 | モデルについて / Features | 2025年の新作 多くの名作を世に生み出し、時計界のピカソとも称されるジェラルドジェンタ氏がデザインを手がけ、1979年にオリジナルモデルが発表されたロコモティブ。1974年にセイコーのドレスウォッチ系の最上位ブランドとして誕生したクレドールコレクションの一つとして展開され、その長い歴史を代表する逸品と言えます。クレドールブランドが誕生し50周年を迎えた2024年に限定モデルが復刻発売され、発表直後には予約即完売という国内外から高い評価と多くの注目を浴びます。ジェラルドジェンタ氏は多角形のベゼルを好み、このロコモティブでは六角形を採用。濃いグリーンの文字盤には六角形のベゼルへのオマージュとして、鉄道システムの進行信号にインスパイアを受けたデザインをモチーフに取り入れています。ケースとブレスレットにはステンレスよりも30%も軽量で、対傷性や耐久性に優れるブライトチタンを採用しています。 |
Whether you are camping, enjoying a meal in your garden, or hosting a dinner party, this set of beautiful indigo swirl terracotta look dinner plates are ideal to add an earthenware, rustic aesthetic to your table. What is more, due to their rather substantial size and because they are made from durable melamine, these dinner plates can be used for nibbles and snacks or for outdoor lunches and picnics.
++++++++
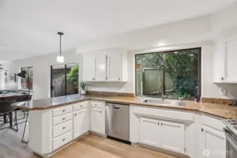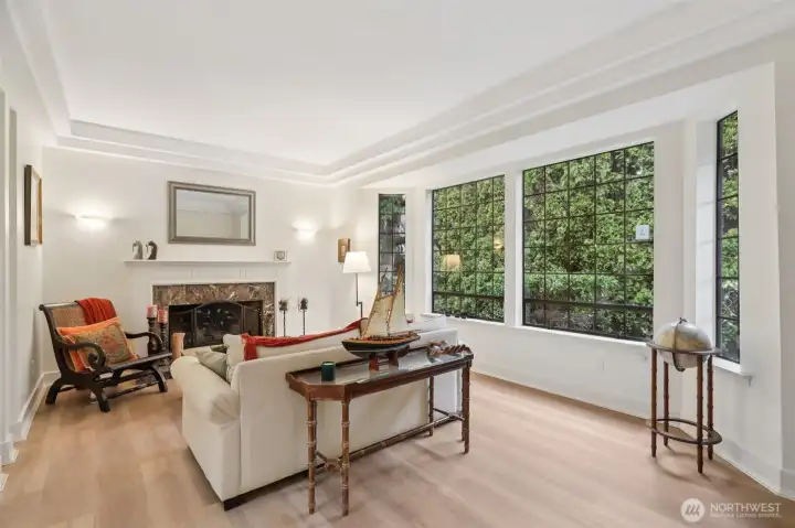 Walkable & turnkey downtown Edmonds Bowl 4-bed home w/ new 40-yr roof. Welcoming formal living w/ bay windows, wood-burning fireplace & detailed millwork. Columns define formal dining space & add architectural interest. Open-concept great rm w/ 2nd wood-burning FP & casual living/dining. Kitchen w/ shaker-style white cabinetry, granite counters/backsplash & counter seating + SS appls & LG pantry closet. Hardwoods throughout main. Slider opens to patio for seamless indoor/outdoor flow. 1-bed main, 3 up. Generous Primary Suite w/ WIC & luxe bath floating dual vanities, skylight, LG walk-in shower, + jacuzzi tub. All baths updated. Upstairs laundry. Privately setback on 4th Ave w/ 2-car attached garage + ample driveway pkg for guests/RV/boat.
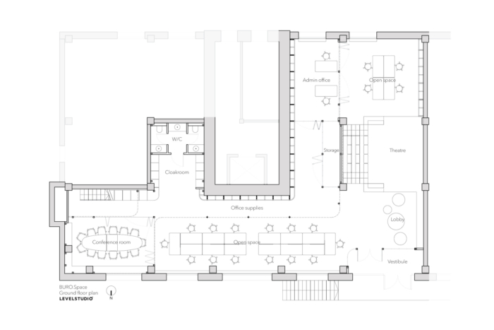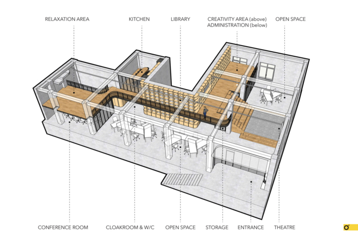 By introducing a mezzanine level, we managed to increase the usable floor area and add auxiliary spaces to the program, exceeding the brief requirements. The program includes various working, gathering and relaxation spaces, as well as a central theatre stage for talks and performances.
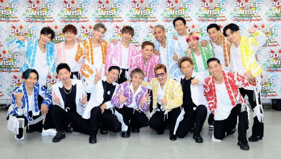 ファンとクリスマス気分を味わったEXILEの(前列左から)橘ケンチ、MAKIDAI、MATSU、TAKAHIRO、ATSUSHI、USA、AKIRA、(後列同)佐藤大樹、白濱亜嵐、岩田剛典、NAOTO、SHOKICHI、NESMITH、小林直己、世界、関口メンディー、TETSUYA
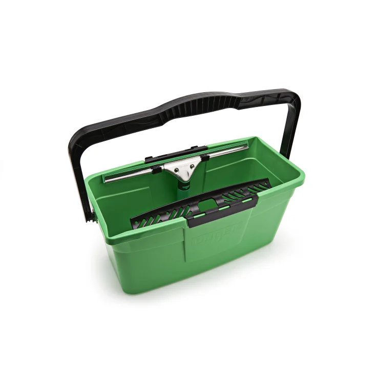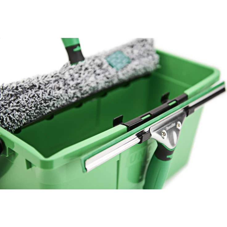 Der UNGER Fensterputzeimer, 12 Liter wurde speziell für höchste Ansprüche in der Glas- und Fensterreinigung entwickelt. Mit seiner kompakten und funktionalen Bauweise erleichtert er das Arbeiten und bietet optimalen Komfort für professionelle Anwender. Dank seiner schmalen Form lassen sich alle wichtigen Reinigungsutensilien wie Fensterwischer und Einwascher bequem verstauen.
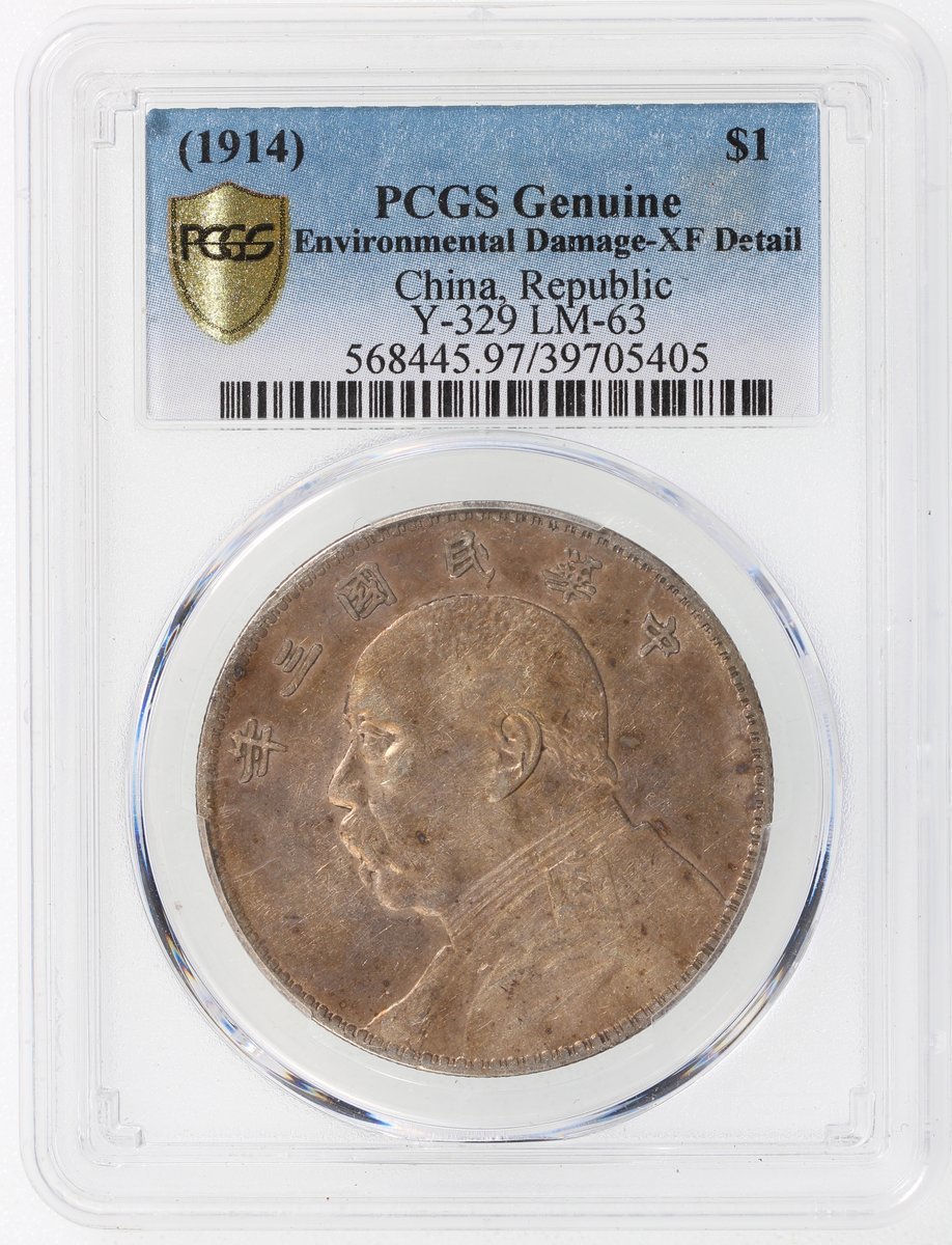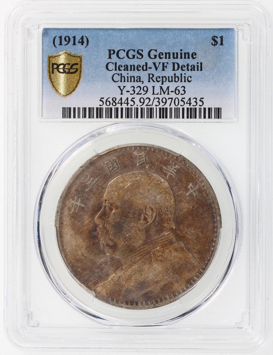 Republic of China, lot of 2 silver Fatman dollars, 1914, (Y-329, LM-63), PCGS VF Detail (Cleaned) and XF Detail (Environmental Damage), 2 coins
++++++++
The task:
Please, from the entries above, set down exactly the lines from the one containing "モデルについて / Features" through the one containing "Whether you are", and only those.

Response area:
 | モデルについて / Features | 2025年の新作 多くの名作を世に生み出し、時計界のピカソとも称されるジェラルドジェンタ氏がデザインを手がけ、1979年にオリジナルモデルが発表されたロコモティブ。1974年にセイコーのドレスウォッチ系の最上位ブランドとして誕生したクレドールコレクションの一つとして展開され、その長い歴史を代表する逸品と言えます。クレドールブランドが誕生し50周年を迎えた2024年に限定モデルが復刻発売され、発表直後には予約即完売という国内外から高い評価と多くの注目を浴びます。ジェラルドジェンタ氏は多角形のベゼルを好み、このロコモティブでは六角形を採用。濃いグリーンの文字盤には六角形のベゼルへのオマージュとして、鉄道システムの進行信号にインスパイアを受けたデザインをモチーフに取り入れています。ケースとブレスレットにはステンレスよりも30%も軽量で、対傷性や耐久性に優れるブライトチタンを採用しています。 |
Whether you are camping, enjoying a meal in your garden, or hosting a dinner party, this set of beautiful indigo swirl terracotta look dinner plates are ideal to add an earthenware, rustic aesthetic to your table. What is more, due to their rather substantial size and because they are made from durable melamine, these dinner plates can be used for nibbles and snacks or for outdoor lunches and picnics.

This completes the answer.